Banche Usa, anche Jp Morgan avverte i dipendenti: “senza vaccino, rischio licenziamento”

11 Gennaio 2022, di Mariangela Tessa

Dopo Citigroup, anche JP Morgan Chase sembra pronta a seguire la politica dell’obbligo vaccinale per i dipendenti Usa (no jab, no job), pena rischio della perdita di lavoro. Lo ha fatto capire il numero uno della banca americana, Jamie Dimon, anticipando regole rigide in previsione di un ritorno al lavoro in sicurezza.

“Senza vaccino, non sarà possibile lavorare in ufficio”, ha spiegato alla CNN, spiegando che i dipendenti che non potranno svolgere le proprie attività in sede, non saranno pagati. “Vogliamo che le persone siano vaccinate”. Alla domanda su una possibile politica di lavoro ibrida in futuro in base alla quale i dipendenti dividono il loro tempo tra casa e ufficio, Dimon ha detto: “Al momento non abbiamo una risposta”.

Ma la decisione di JP Morgan non è l’unica del genere a Wall Street. La scorsa settimana, Citigroup ha affermato che il personale, residente negli Stati Uniti, non vaccinato contro il COVID-19 entro il 14 gennaio sarebbe stato messo in congedo non retribuito e licenziato alla fine del mese, tranne nei casi di esenzione.

Secondo gli ultimi dati governativi, in America sono 40 milioni coloro che ancora si rifiutano di vaccinarsi, col 21,3% degli americani aventi diritto (quelli dai 5 anni in su) ancora non immunizzati. Pienamente vaccinato invece il 62,4% della popolazione (circa 207 milioni di cittadini), di cui il 23% ha già ricevuto il booster.

Obbligo vaccinale: negli Usa è braccio di ferro

Le decisioni di JP Morgan e Citigroup arrivano proprio mentre alla Corte Suprema degli Stati Uniti va in scena un vero e proprio braccio di ferro sull’estensione dell’obbligo vaccinale al settore privato, fortemente voluto da presidente Usa Joe Biden per dare una spallata definitiva alla pandemia e una spinta decisiva all’economia.

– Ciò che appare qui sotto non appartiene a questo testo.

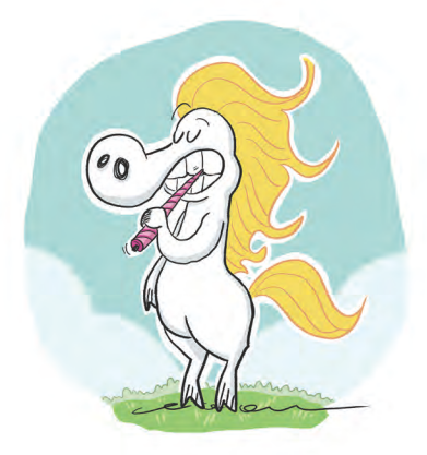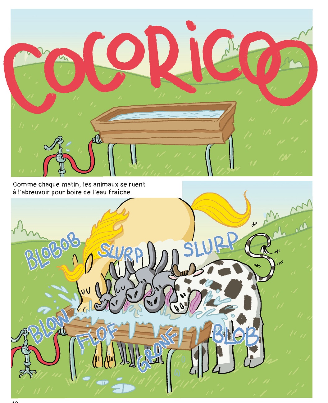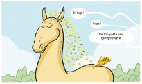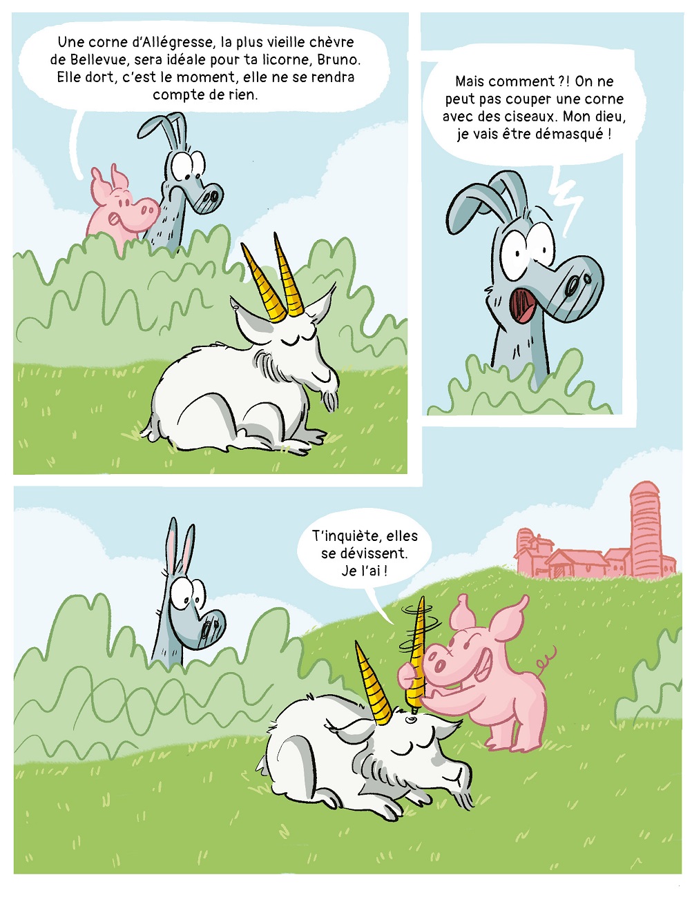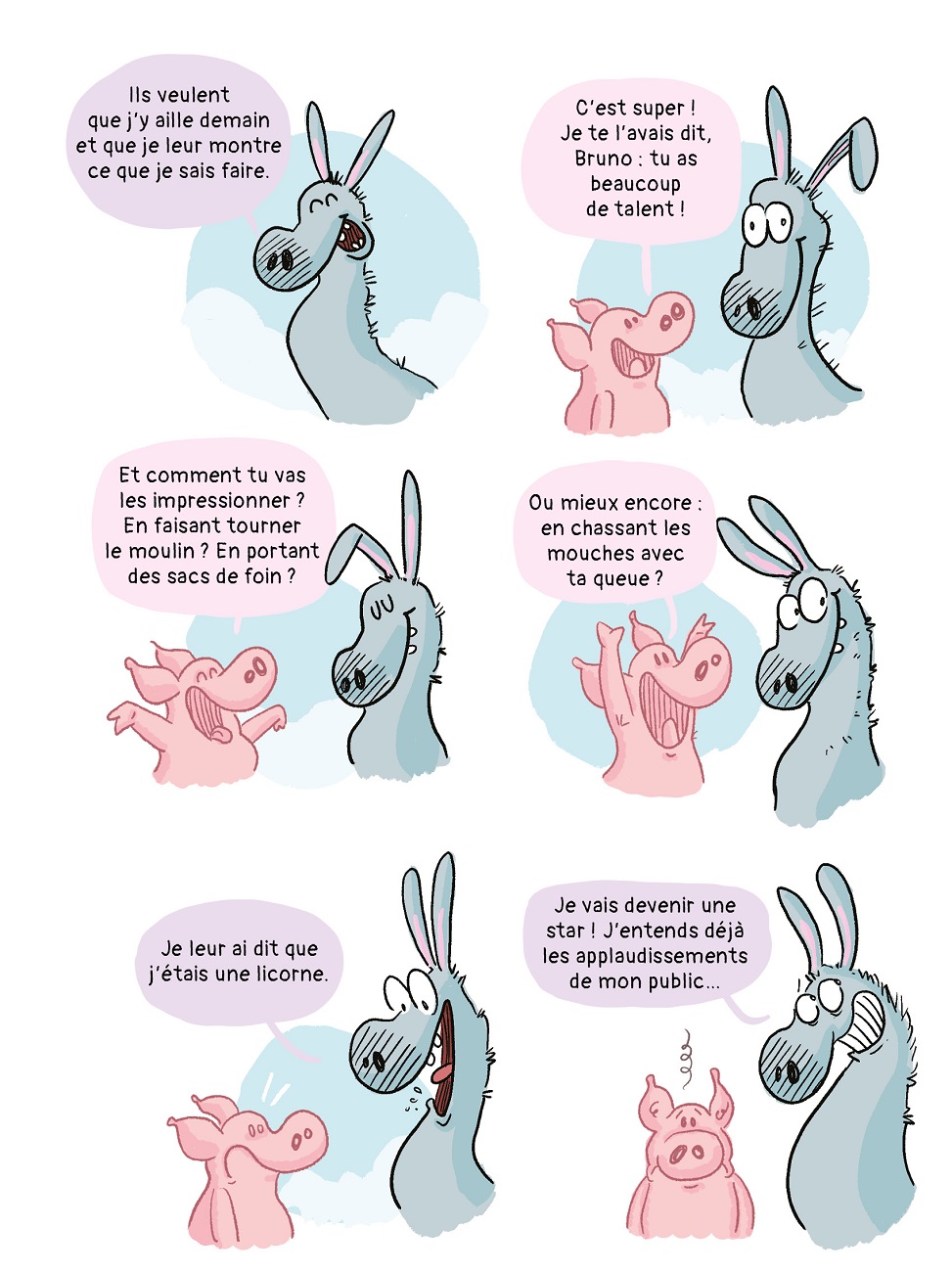 C’est la petite truie Camélia qui le sauve d’un désastre annoncé. Beaucoup plus humble que son ami, ce qui la rend heureuse c’est simplement de manger des glands et faire des siestes au soleil ; mais, rusée elle trouve un stratagème pour que Bruno réalise son rêve. Elle lui fabrique un costume idoine avec la magnifique crinière de la jument de la ferme, une corne d’allégresse dévissée de la tête de la plus vieille chèvre du troupeau, un peu de peinture blanche, une pointe de maquillage et voilà qu’apparait Bourricorne : la licorne future star de la piste aux étoiles.

In ballo i due decreti varati dalla Casa Bianca alla fine dello scorso anno e che prevedono l’obbligo di vaccinazione, già in vigore nel settore federale, anche in tutte le aziende sopra i 100 dipendenti e per tutti i lavoratori del settore sanitario. Due provvedimenti finiti subito al centro di una feroce battaglia legale, che vede dall’altra parte delle barricata le imprese e alcuni stati Usa a guida repubblicana. Spetterà dunque all’Alta Corte l’ultima parola, con la sentenza attesa nelle prossime settimane.